The presentation layer is the sixth layer in the OSI model and is responsible for converting different file formats. This allows two systems to communicate. Other tasks carried out by the sixth layer include data compression and encryption.

What is the presentation layer?

The presentation layer is the sixth layer of the OSI model. It is primarily used to convert different file formats between the sender and the receiver. The OSI model is a reference model that is used to define communication standards between two devices within a network. The development of this standard began in the 1970s and it was first published at the beginning of the following decade. This standard enables seamless interaction between different technical systems.

The model is made up of a total of seven different layers, all having their own clearly defined tasks. While there are clear boundaries between the layers, the layers interact with each other, with each layer building off the one below it. The different layers are as follows:

  1. Physical layer
  2. Data link layer
  3. Network layer
  4. Transport layer
  5. Session layer
  6. Presentation layer
  7. Application layer

What does the presentation layer do?

The presentation layer interacts closely with the application layer, which is located directly above it. The presentation layer’s main task is to present data in such a way that it can be understood and interpreted from both the system sending the data and the system receiving it. After this has been accomplished, the application layer then determines how the data should be structured and what sort of data and values are permissible.

Using these entries, a command set, or an abstract transfer syntax, is then automatically created. The presentation layer now has the task of transferring the data in such a way that it is readable without changing the information contained within it.

The presentation layer is often also responsible for the encryption and decryption of data. The information is first encrypted on the sender’s side and then sent to the receiver in an encrypted state. Keys and encryption methods are then exchanged in the presentation layer. The recipient is then able to decrypt the unreadable data and convert it into a format that can be understood and interpreted.

Which format does the presentation layer use?

If data is shown during a transfer, we often use the term transfer syntax. These are separated into the abstract transfer syntax, in which the transferred values are written, and the concrete syntax, which contains a definition of the value coding.

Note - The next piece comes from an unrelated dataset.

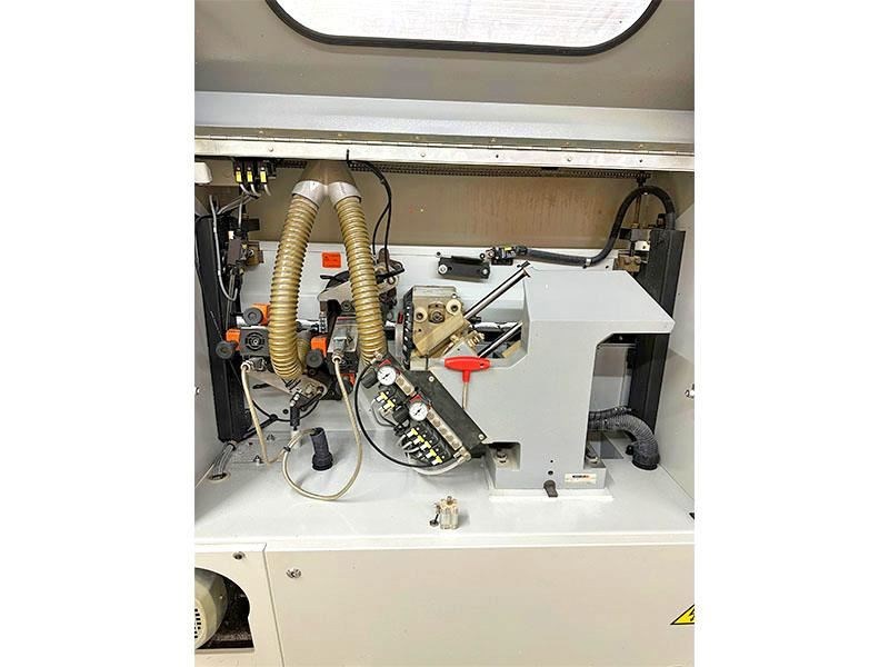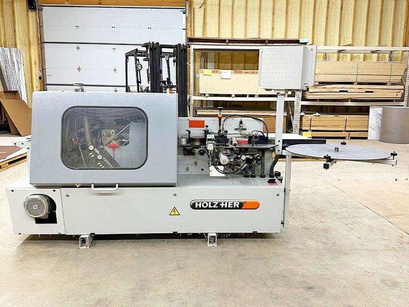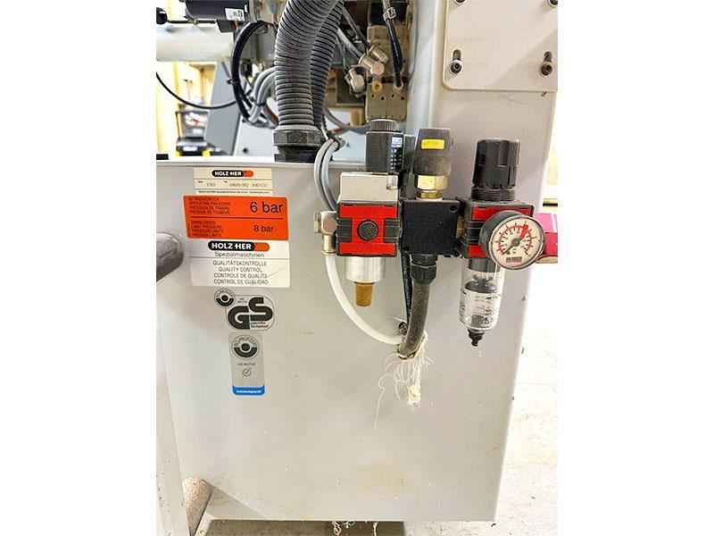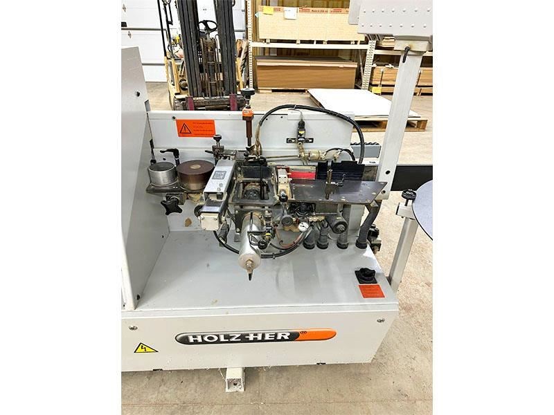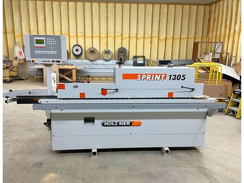 HOLZ-HER 1305-1 COMPACT EDGEBANDER 3 mm edge thickness cap., Cartridge glue system (1906M), automatic magazine coil & Strips (1903), 3 mm PVC cap. pneumatic guillotine for coil cutoff. -- Workstations: Double motor end trim (1822), chamfers 0° - 10° (0.22 kW - 9000 RPM motor, HF - 300 Cy); Universal Top & bottom fine trim (1942M), for bevels from 0° - 15°; (1 HP (0.6 KW) - 22,000 RPM motor ea., HF - 300 Cy). -- Single feed speed 26 FPM (8 MPM). -- PLC (Programable Logic Control) for easy setup & program storage. - INCLUDES: (1) used saw blades on end trim station, & used insert knives on each of the cutterheads on flush trimmer. - ACTUAL MODEL: "SPRINT 1305".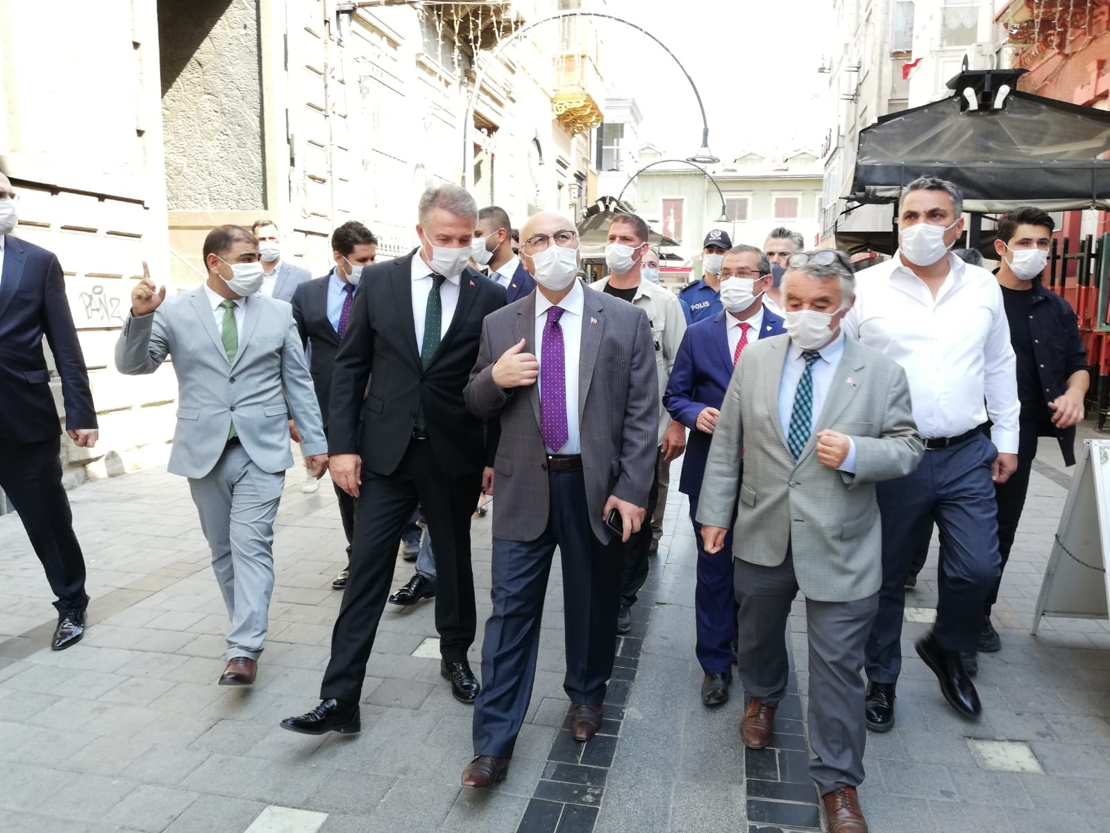 İzmir Valisi Yavuz Selim Köşger, cadde üzerindeki dükkanlara girerek içerideki hijyen koşullarını incelerken cadde üzerinde yürüyen vatandaşlara da maske ve mesafe uyarısı yaptı.

The receiver can only process and understand the data they receive if they receive all of the information from the presentation layer. The most common definition language is Abstract Syntax Notation One (ASN.1), which is also recommended by the ISO. The ISO is an organization that is responsible for developing international standards in technology, management and manufacturing.

The presentation layer has many different formats. The most common text formats are the ASCII (American Standard Code for Information Interchange) and EBCDIC (Extended Binary-Coded Decimal Interchange Code). The most common image formats are GIF, JPEG and TIFF. Widely used video formats include MIDI, MPEG and QuickTime.

Presentation layer protocols

There are many different presentation layer protocols as well as transfer and encryption technologies in the presentation layer. These include:

  • Telnet
  • FTP
  • HTTP
  • SMTP
  • NNTP
  • NetBIOS

Skipping the presentation layer

The tasks which are carried out by the presentation layer are not always necessary for communication between two systems. In instances where both systems use the same formats, data conversion is not necessary. Additionally, encryption and compression are not required for every interaction and can also be carried out in another layer of the OSI model. If this is the case, the presentation layer can be skipped and the application layer (7) can communicate directly with the session layer (5) instead.